At the time Plaintiff received the Trial Period Plan Notice in April 2017 and made his first Trial Period Plan payment in May 2017, he was more than six months delinquent in making payments to Ocwen pursuant to the terms of his mortgage agreement. (Id. ¶ 14). Plaintiff successfully made the Trial Period Plan payments of $2661.20 in each of May, June, and July 2017. (Id. ¶ 15). Following Plaintiff's successful completion of the Trial Period Plan, the modification of Plaintiff's Ocwen loan was implemented effective August 1, 2017. (Id. ¶ 16).

Starting in August 2017, Ocwen reported Plaintiff's account as being timely paid with no delinquencies from August 2017 forward. (Id.). On or around April 24, 2018, Plaintiff contacted Ocwen via telephone to express concerns relating to the credit reporting of his Ocwen loan during the time he was completing his unemployment forbearance plan and trial modification. (Id. ¶ 17). Ocwen's Office of the Consumer Ombudsman responded via letter on May 1, 2018, confirming the accuracy of its credit reporting. (Id.). Plaintiff obtained a mortgage and purchased a home in Orlando, Florida, in September 2019. (Id. ¶ 18).
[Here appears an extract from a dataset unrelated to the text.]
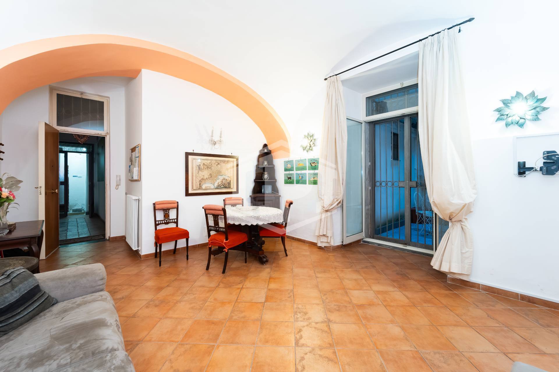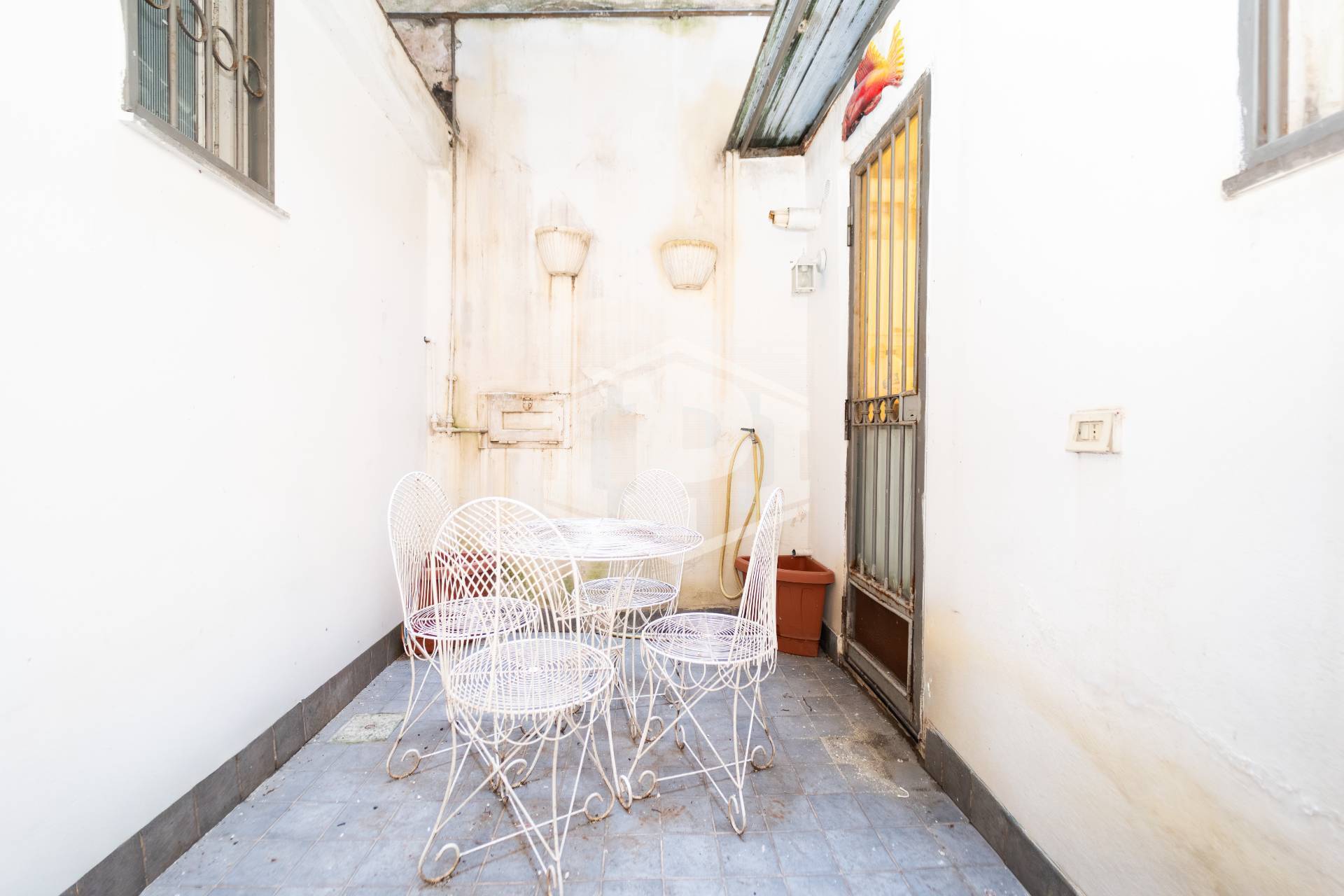 L'ingresso dell'immobile avviene tramite un pratico e riservato corridoio piastrellato con mattonelle d'epoca, protetto da cancellata e condiviso solo in parte con l'unità adiacente: un dettaglio che conferisce maggiore privacy rispetto al tradizionale passaggio dalla corte principale.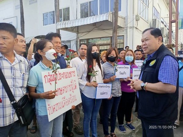 ตาก= กลุ่มมวลชน แห่ต้อนรับ รมช.เกษตร ฯ ลงพื้นที่ ชายแดนแม่สอด วอนเร่งแก้ปัญหา การค้าโค-กระบือ ข้ามแดน

II. Plaintiff's Credit File and Disputes

On May 21, 2018, Experian received a dispute letter from Plaintiff dated May 14, 2018. (Id. ¶ 29). Plaintiff's dispute letter related to his home mortgage account with Ocwen, and stated that he had "made each monthly payment on time consistently throughout 2017" and that "the [Ocwen] trade line should reflect the payments were made timely." (Id.). Attached to this dispute were documents purporting to be from Ocwen regarding trial payments made pursuant to a Trial Period Plan preceding a potential loan modification. (Id.). On May 28, 2018, Experian processed Plaintiff's dispute. (Id. ¶ 30).
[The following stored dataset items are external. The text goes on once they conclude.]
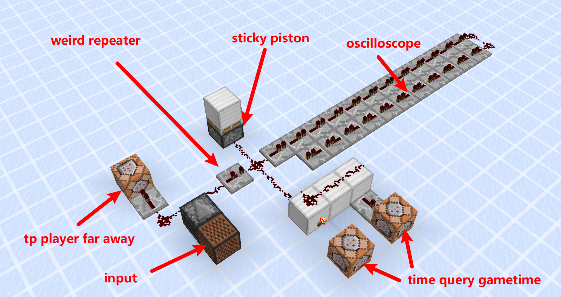 In 1.15.1, there's a possibility in the setup below that the 2t(2 redstone tick, or 4 game tick) repeater could emit a pulse with wrong length. It might emit a 1t(2gt) pulse instead of 2t(4gt). What I supposed to see: everytime when I trigger this setup and reload these chunks, I will get a 2t repeater emiting stable 4gt length pulse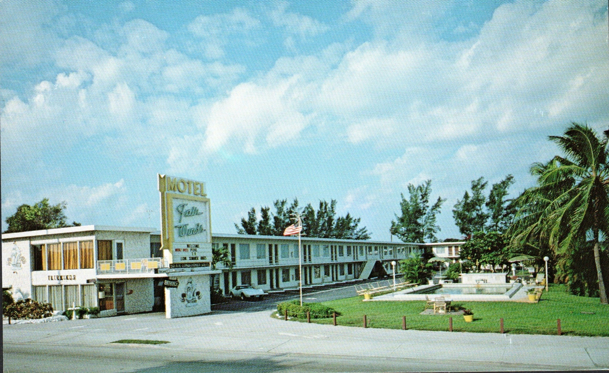 Post cards: Marina & hotel, aerial view [chrome]; Sandcastle Resort [chrome]; boats on New River [chrome]; Beach Club Hotel; chrome]; Fairwinds Motel [chrome]; Waterway [chrome]; Rio apartments [chrome]; Amber Tides Motel [chrome]; Sheraton-Yankee Clipper Hotel [chrome]; Silver Seas Motel [B&W]; Ocean Vista bungalows [B&W]; Creighton’s Restaurant [2 chrome views]; Bennett Community Hospital [chrome]; Broward General Hospital [B&W, 1940s]; Broward County Hospital [chrome]; Banyan tree [B&W], swimming pool [chrome]; Everglades Holiday Park [chrome]
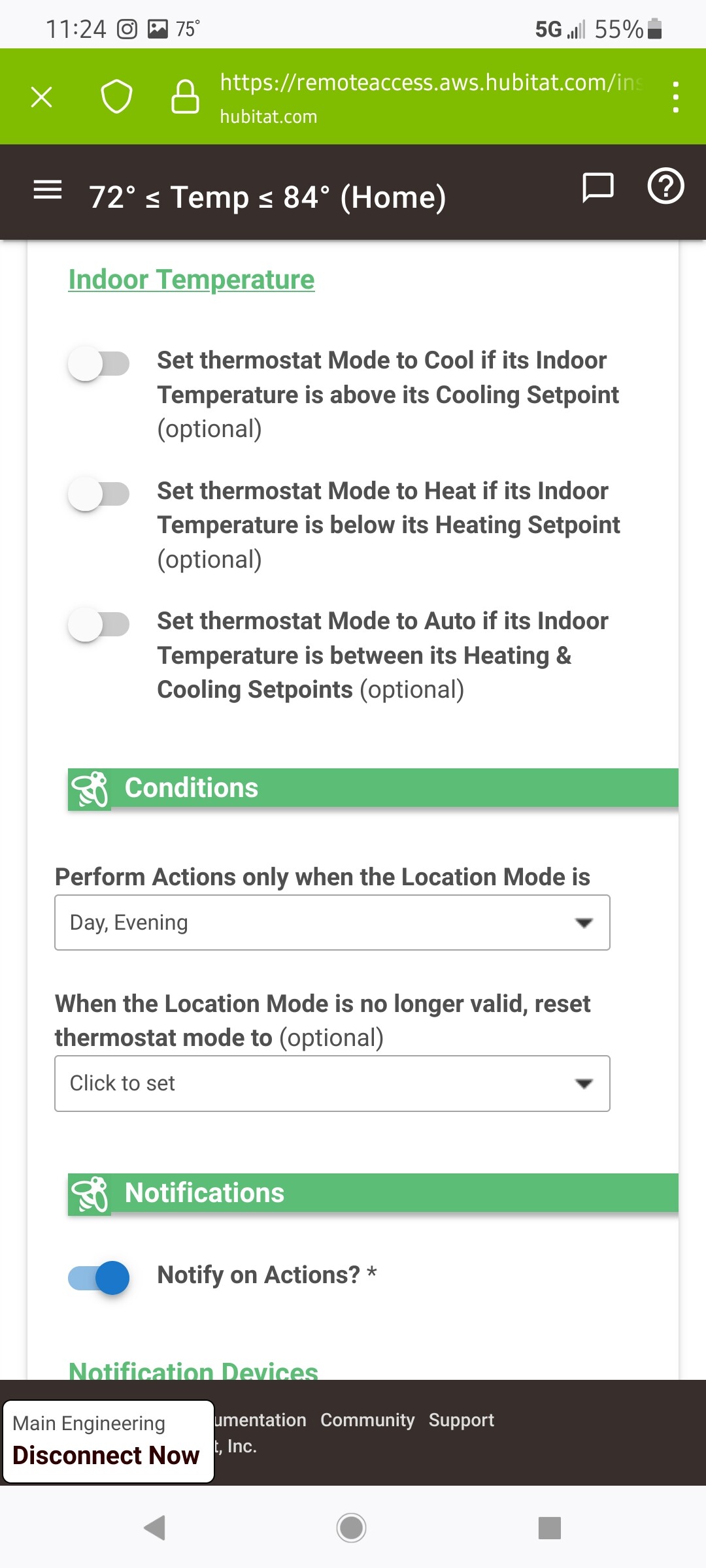 Note that these are only going to change setpoints if they aren’t already the desired setpoints, so you won’t see a change every time the temperature changes within the 72-84 range.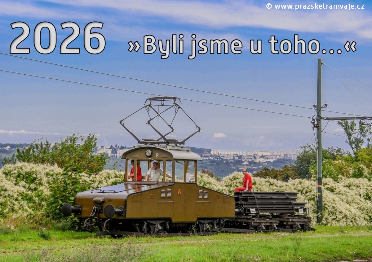 Titulní stránka 2026 nástěnného kalendáře Pražských tramvají 2026 »Byli jsme u toho...«

Because Plaintiff was disputing delinquent payment history for which he had produced no proof of payment, the agent handling Plaintiff's dispute sent an Automated Consumer Dispute Verification ("ACDV") to Ocwen that day, which attached all documents submitted by Plaintiff as part of his dispute, and requested that Ocwen verify the account status and history. (Id.). Ocwen responded on May 29, 2018, indicating that Plaintiff had delinquent payment history. (Id. ¶ 31). With regard to Plaintiff's payment history, Ocwen's reporting indicates that Plaintiff was at least 180 days past due in his payments to Ocwen from October 2016 through July 2017. (Id.). Experian updated Plaintiff's Ocwen account in accordance with Ocwen's ACDV response on May 30, 2018. (Id. ¶ 32).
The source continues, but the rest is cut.